Maksuti Elira, Westerhof Nico, Westerhof Berend E, Broomé Michael, Stergiopulos Nikos
Department of Medical Engineering, School of Technology and Health, KTH Royal Institute of Technology, Stockholm, Sweden.
Department of Clinical Physiology, Karolinska Institutet, Stockholm, Sweden.
PLoS One. 2016 Jun 24;11(6):e0157493. doi: 10.1371/journal.pone.0157493. eCollection 2016.
During aging, systolic blood pressure continuously increases over time, whereas diastolic pressure first increases and then slightly decreases after middle age. These pressure changes are usually explained by changes of the arterial system alone (increase in arterial stiffness and vascular resistance). However, we hypothesise that the heart contributes to the age-related blood pressure progression as well. In the present study we quantified the blood pressure changes in normal aging by using a Windkessel model for the arterial system and the time-varying elastance model for the heart, and compared the simulation results with data from the Framingham Heart Study. Parameters representing arterial changes (resistance and stiffness) during aging were based on literature values, whereas parameters representing cardiac changes were computed through physiological rules (compensated hypertrophy and preservation of end-diastolic volume). When taking into account arterial changes only, the systolic and diastolic pressure did not agree well with the population data. Between 20 and 80 years, systolic pressure increased from 100 to 122 mmHg, and diastolic pressure decreased from 76 to 55 mmHg. When taking cardiac adaptations into account as well, systolic and diastolic pressure increased from 100 to 151 mmHg and decreased from 76 to 69 mmHg, respectively. Our results show that not only the arterial system, but also the heart, contributes to the changes in blood pressure during aging. The changes in arterial properties initiate a systolic pressure increase, which in turn initiates a cardiac remodelling process that further augments systolic pressure and mitigates the decrease in diastolic pressure.

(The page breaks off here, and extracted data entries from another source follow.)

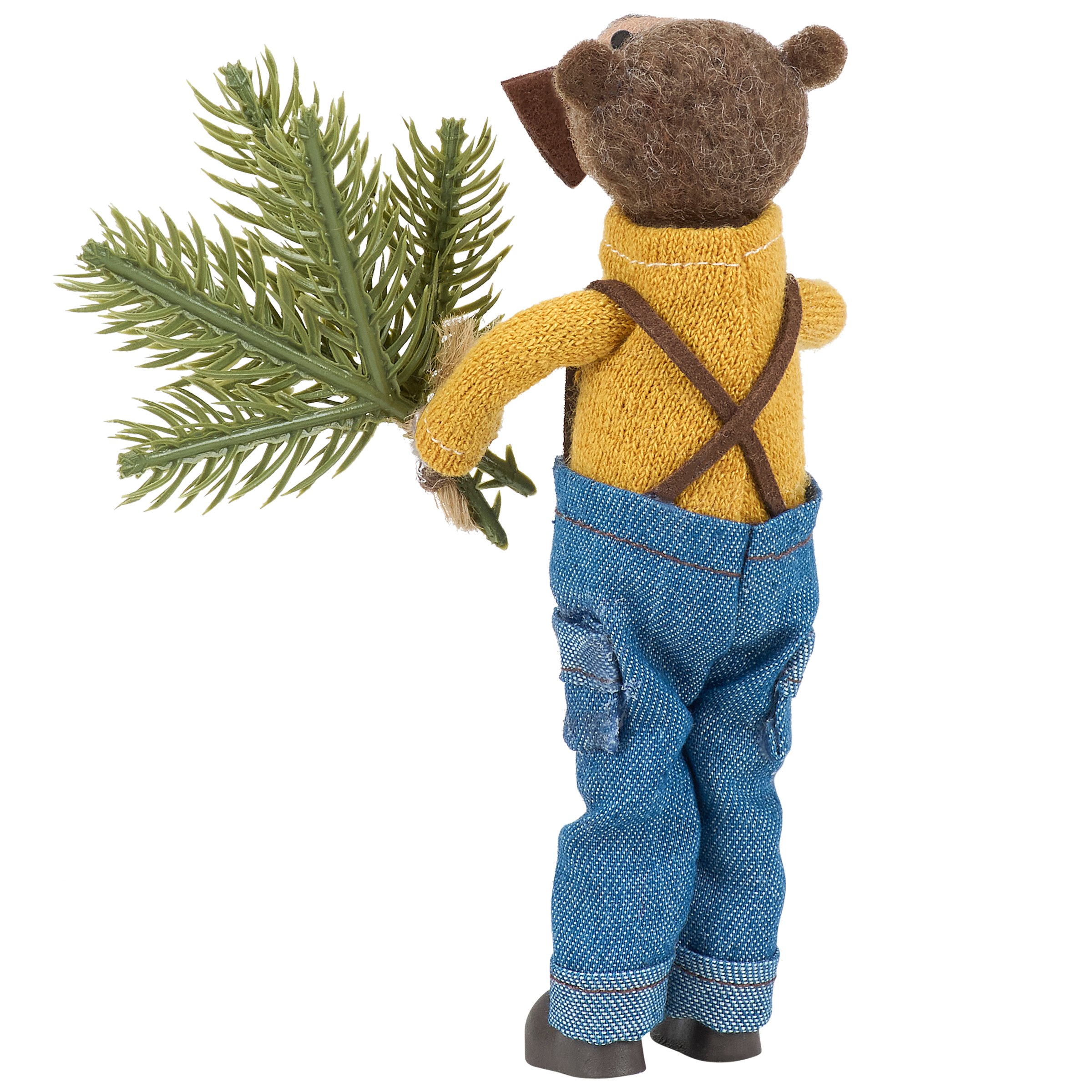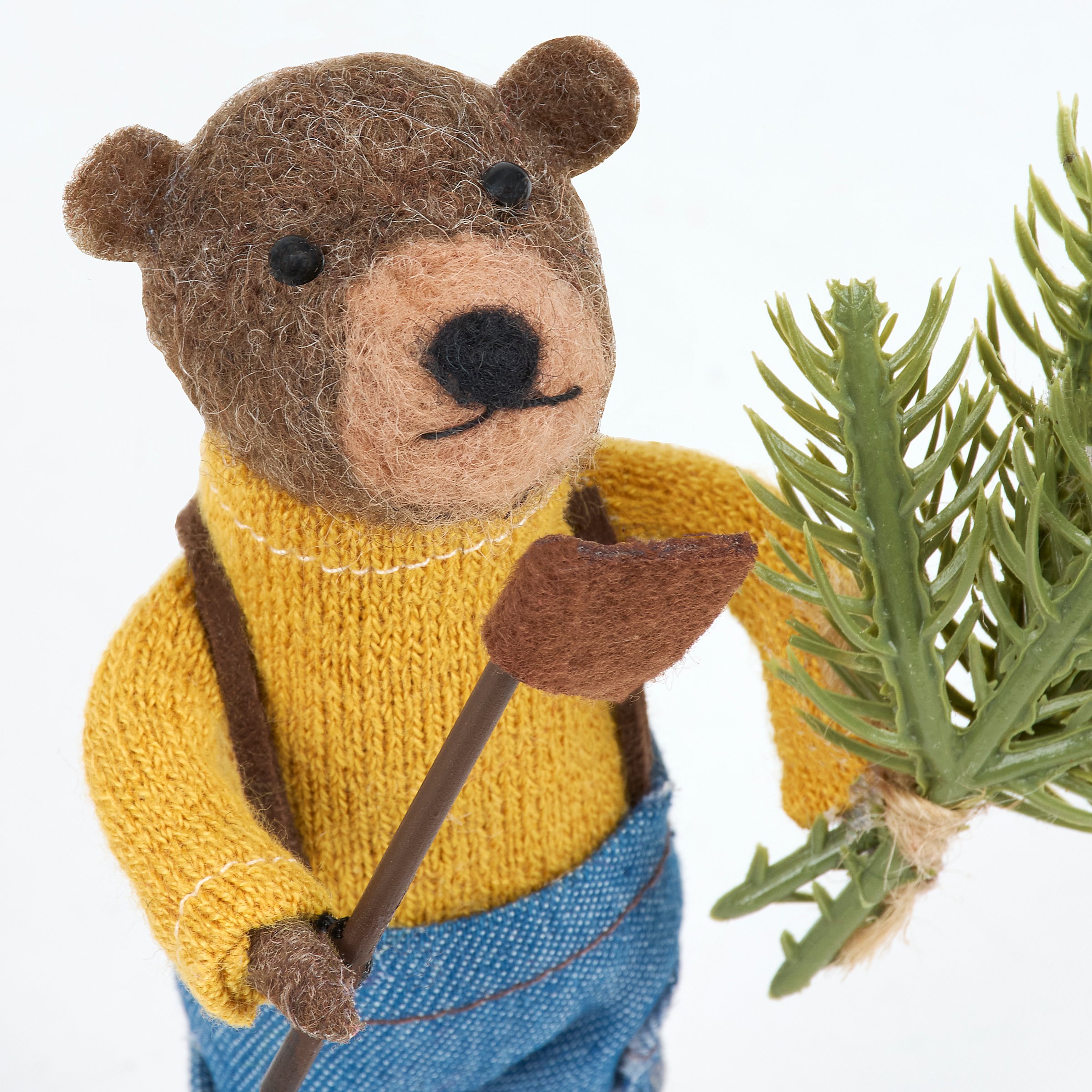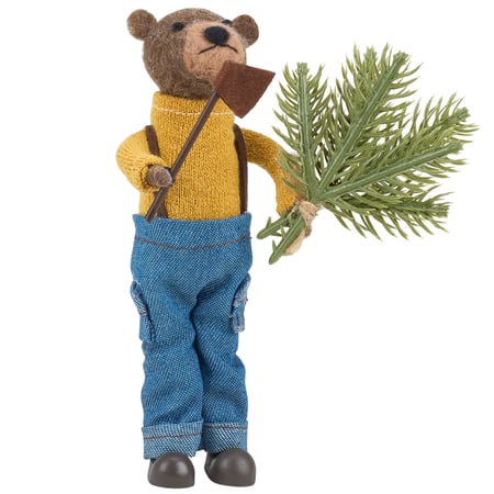 A felt critter from our Christmas Collection displaying a bear dressed as a lumberjack perfect for adding character to a Christmas display at home or in a cabin. Winter bear critter features cute handmade details including fabric clothing as well as faux greenery and an axe in its hands. Our Lumberjack Bear critter is ready to hang for display via the attached hanger. Contains small parts; this is not a toy. An outdoor themed home accent that displays well alone or as a collection with other critters.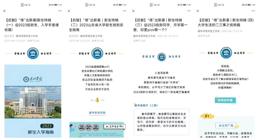 在学生工作处微信公众号推出“德”出新意 | 新生特辑”系列推文13篇、新生军训特辑系列推文10篇。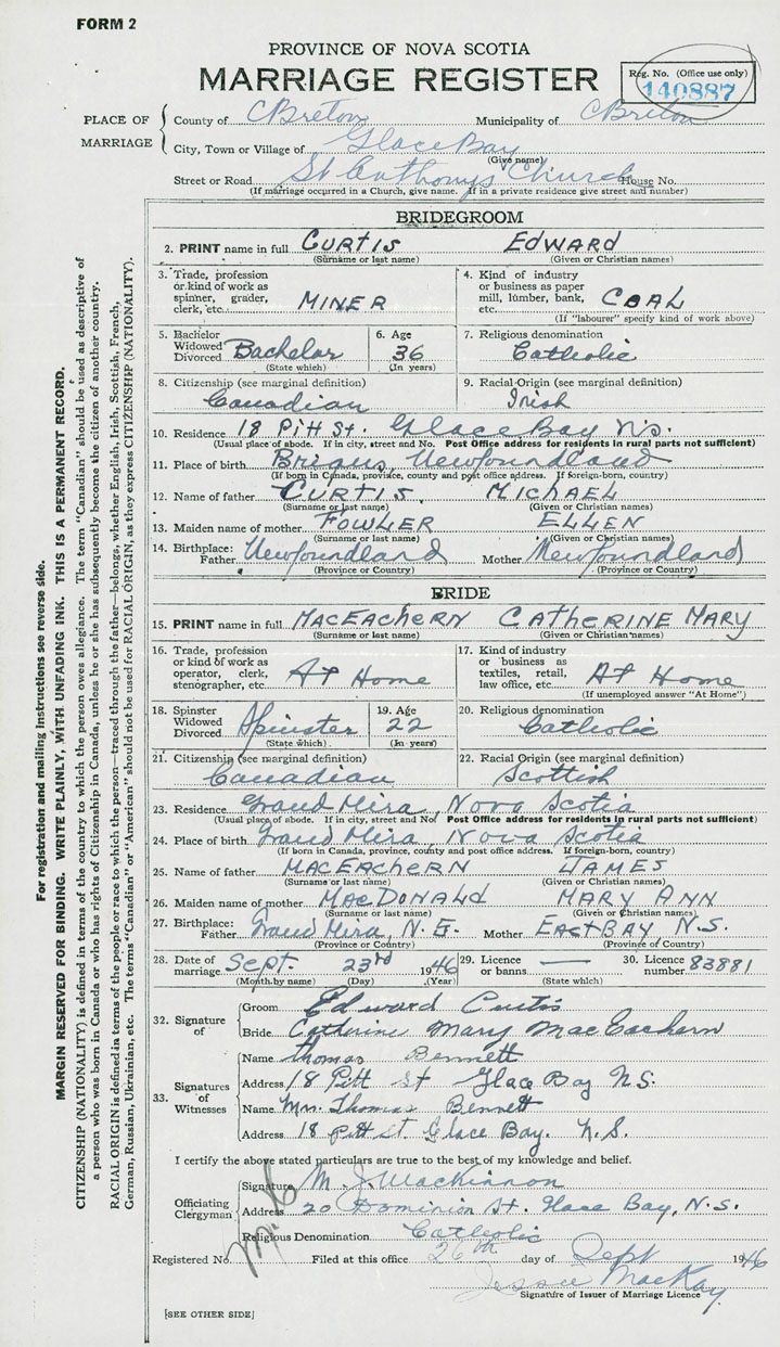 PLACE OF MARRIAGE County of Cape Breton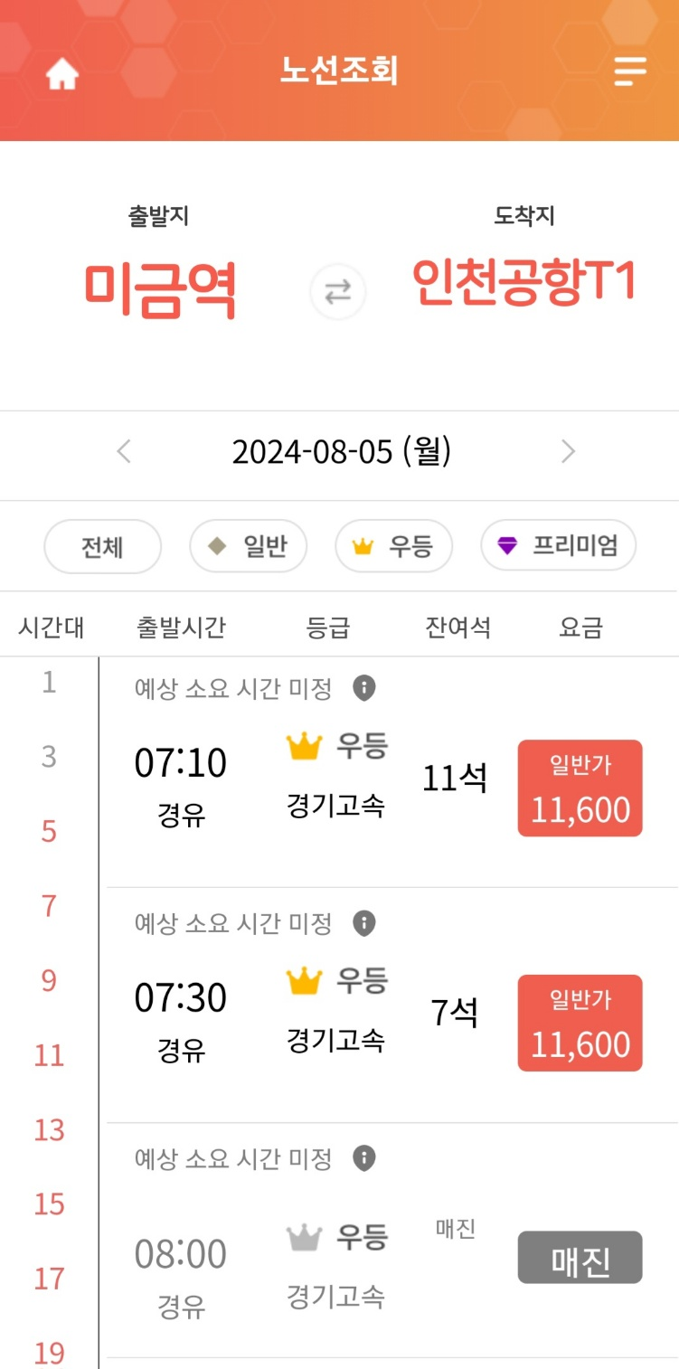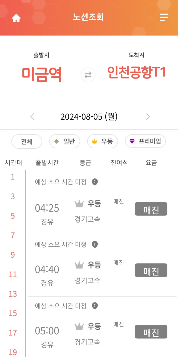 3. 출발시간 대에 가능한 버스를 조회해서 예매해주세요.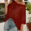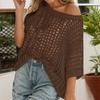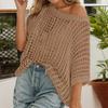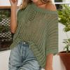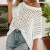 Women's Sexy Hollow Out Five Sleeve Beach Blouse Solid Colour Knitted Top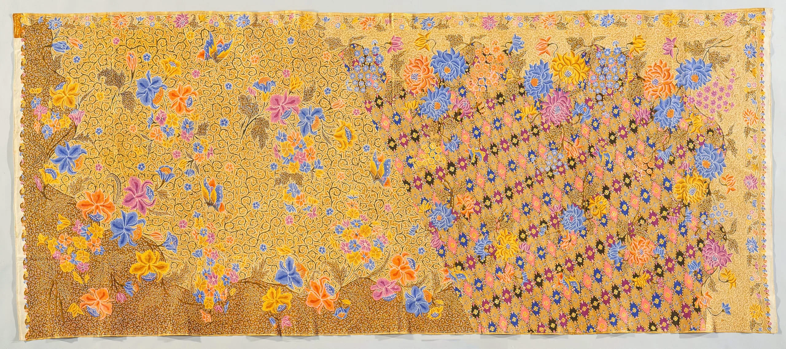 - Hand-drawn wax resist (batik) on machine-woven cotton, synthetic dyes, waxed signature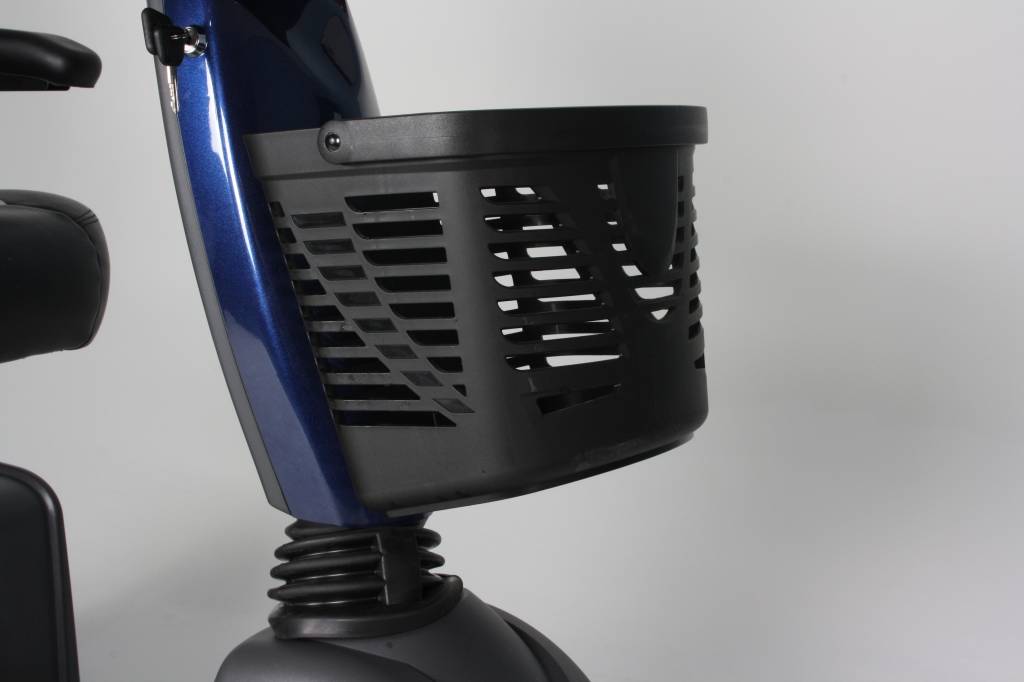 De bediening en het display van de scootmobiel is eenvoudig te noemen. Op het bedieningspaneel leest u de accu indicatie af en vindt u de bediening van de verlichting, richtingaanwijzers en de hoog/laag stand. De snelheidsregelaar bevindt zich ook op het bedieningspaneel.  Aan de voorzijde van de scootmobiel zit de demontabele mand voor boodschappen edg. De ruime treeplank geeft u  ruimte voor uw voeten ook als u een lange lichaamslengte heeft.

在衰老过程中,收缩压随时间持续升高,而舒张压在中年后先升高然后略有下降。这些血压变化通常仅用动脉系统的变化(动脉僵硬度和血管阻力增加)来解释。然而,我们推测心脏也对与年龄相关的血压进展有影响。在本研究中,我们使用动脉系统的Windkessel模型和心脏的时变弹性模型来量化正常衰老过程中的血压变化,并将模拟结果与弗雷明汉心脏研究的数据进行比较。代表衰老过程中动脉变化(阻力和僵硬度)的参数基于文献值,而代表心脏变化的参数则通过生理规则(代偿性肥大和舒张末期容积的保留)计算得出。仅考虑动脉变化时,收缩压和舒张压与人群数据不太相符。在20至80岁之间,收缩压从100 mmHg升高至122 mmHg,舒张压从76 mmHg降至55 mmHg。当同时考虑心脏适应性变化时,收缩压和舒张压分别从100 mmHg升高至151 mmHg,从76 mmHg降至69 mmHg。我们的结果表明,不仅动脉系统,而且心脏也对衰老过程中的血压变化有影响。动脉特性的变化引发收缩压升高,进而引发心脏重塑过程,这进一步增加了收缩压并减轻了舒张压的下降。